» **WORK TASK**
What are the lines, word for word, from the line with "Квартира: 1 к" up to and including the line with "ed. Edisport |" in the records below? Omit the pictures.

» **DATA IN THIS EXERCISE**
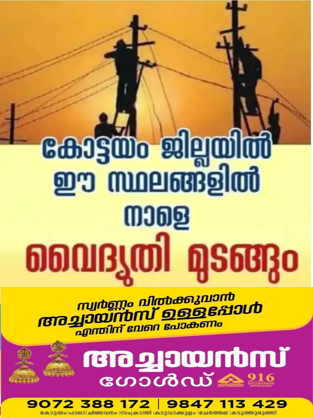 1) തീക്കോയി ഇലക്ട്രിക്കൽ സെക്ഷൻ പരിധിയിൽ വരുന്ന ചേരിപ്പാട്, കല്ലേകുളം എന്നീ ട്രാൻസ്ഫോർമർ പരിധിയിൽ വരുന്ന പ്രദേശങ്ങളിൽ നാളെ (05/07/2023)8.30am മുതൽ5pm വരെ വൈദ്യുതി മുടങ്ങും.
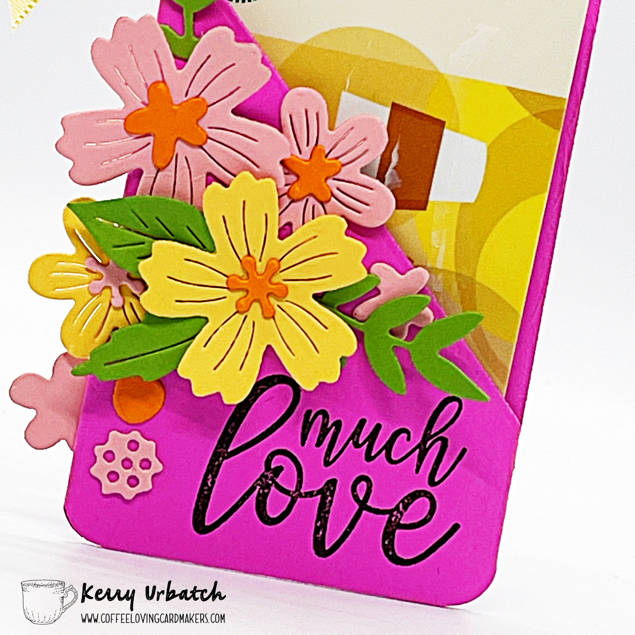 Hey there coffee loving peeps! It’s Kerry here and I’m back with another fun Sunday Sip! This week, I’m sharing a little pocket gift tag I created to tuck a little coffee treat into. This fun little pocket tag die is the perfect little die to create coffee shop gift tags. This little tag die set comes complete with a collection of posies and leafy element dies. Isn’t it fun! This SugarPea Design’s Sugar Cut die is called the Floral Pocket Tag.
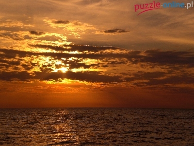 Puzzle Chmury, Zachód Słońca, Niebo, Morze
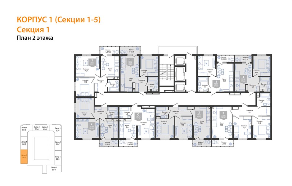 Квартира: 1 к 39,20 кв.м., 2 этаж в комплексе Облака-3, 3 очередь, корп.1 (Секции 1-5), сдача: 4кв. , этажей: 24, адрес Новороссийск г., Куникова ул., д. 47, Застройщик: Неометрия.
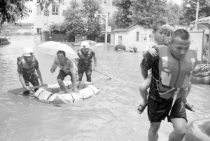 7月14日,四川省瀘州市的消防官兵在龍馬潭區(qū)救援受災(zāi)群眾。當(dāng)日,四川省瀘州市遭暴雨襲擊,部分路段內(nèi)澇嚴(yán)重,交通中斷。據(jù)瀘州市氣象局統(tǒng)計(jì),截至12時(shí),該市最大降雨量超過200毫米。    新華社發(fā)
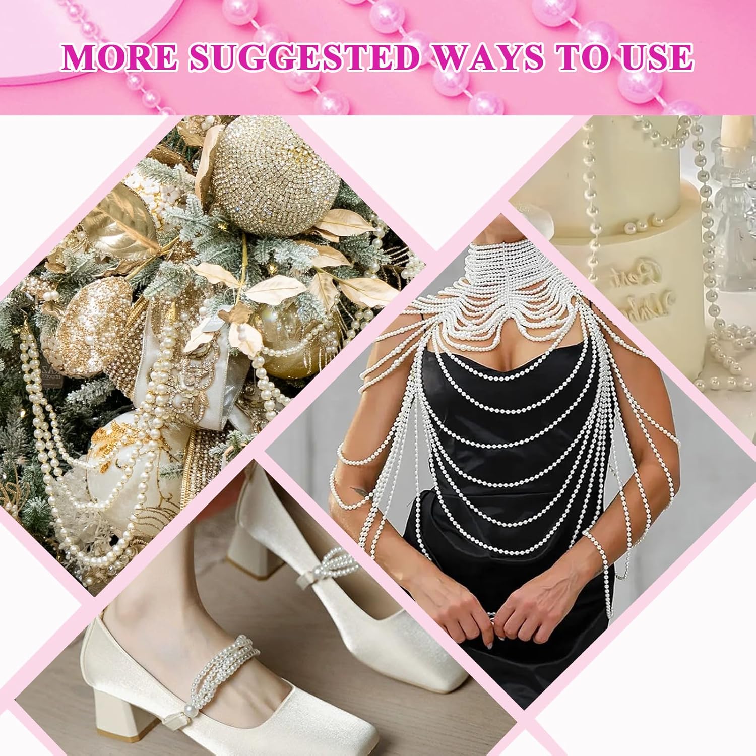 - Wide Applications: these faux pearl string garland are widely used for decorating porch flowers, favors, pew bows, wedding decorations, table centerpieces, dessert tables, home decor, backdrops, frames trimming, candles, lanterns, wreaths, mantles, dresses and hair embellishments, or any other craft art project
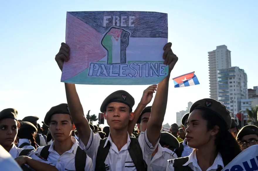 ولوح الكوبيون بالأعلام الفلسطينية وهتفوا من أجل السلام، ونددوا بواشنطن لتقديمها الأسلحة والدعم الدبلوماسي لحليفتها إسرائيل خلال الصراع.
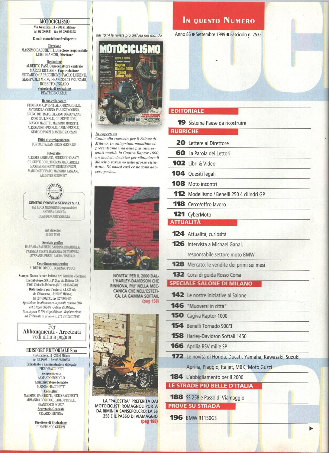 | Titolo: | Rivista Motociclismo n. 9 – Settembre 1999 ed. Edisport |
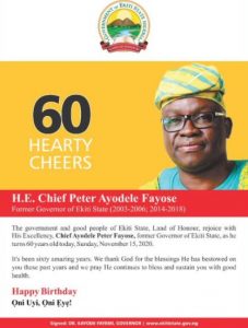 He said “The government and good people of Ekiti State, Land of Honour, rejoice with His Excellency, Chief Ayodele Peter Fayose, former governor of Ekiti State, as he turns 60 years old today, Sunday, November 15, 2020.
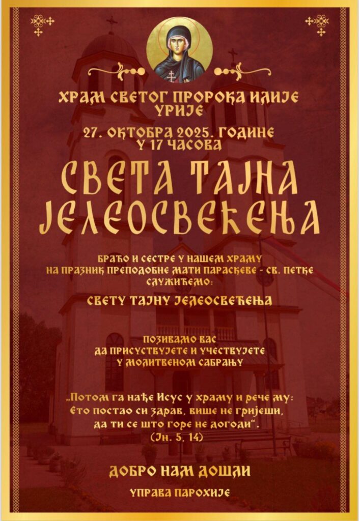 U ponedjeljak, 27. oktobra, na praznik Svete Petke, u hramu Svetog proroka Ilije na Urijama biće služena Sveta tajna Jeleosvećenja, uz sasluženje sedam sveštenika.
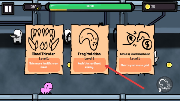3、遇到技能選擇界面,依據(jù)戰(zhàn)斗需求,點擊Frog-Mutation技能,助力Lanny在逃亡中對抗敵人。

» **ANSWER TO THIS TASK**
 Квартира: 1 к 39,20 кв.м., 2 этаж в комплексе Облака-3, 3 очередь, корп.1 (Секции 1-5), сдача: 4кв. , этажей: 24, адрес Новороссийск г., Куникова ул., д. 47, Застройщик: Неометрия.
 7月14日,四川省瀘州市的消防官兵在龍馬潭區(qū)救援受災(zāi)群眾。當(dāng)日,四川省瀘州市遭暴雨襲擊,部分路段內(nèi)澇嚴(yán)重,交通中斷。據(jù)瀘州市氣象局統(tǒng)計(jì),截至12時(shí),該市最大降雨量超過200毫米。    新華社發(fā)
 - Wide Applications: these faux pearl string garland are widely used for decorating porch flowers, favors, pew bows, wedding decorations, table centerpieces, dessert tables, home decor, backdrops, frames trimming, candles, lanterns, wreaths, mantles, dresses and hair embellishments, or any other craft art project
 ولوح الكوبيون بالأعلام الفلسطينية وهتفوا من أجل السلام، ونددوا بواشنطن لتقديمها الأسلحة والدعم الدبلوماسي لحليفتها إسرائيل خلال الصراع.
 | Titolo: | Rivista Motociclismo n. 9 – Settembre 1999 ed. Edisport |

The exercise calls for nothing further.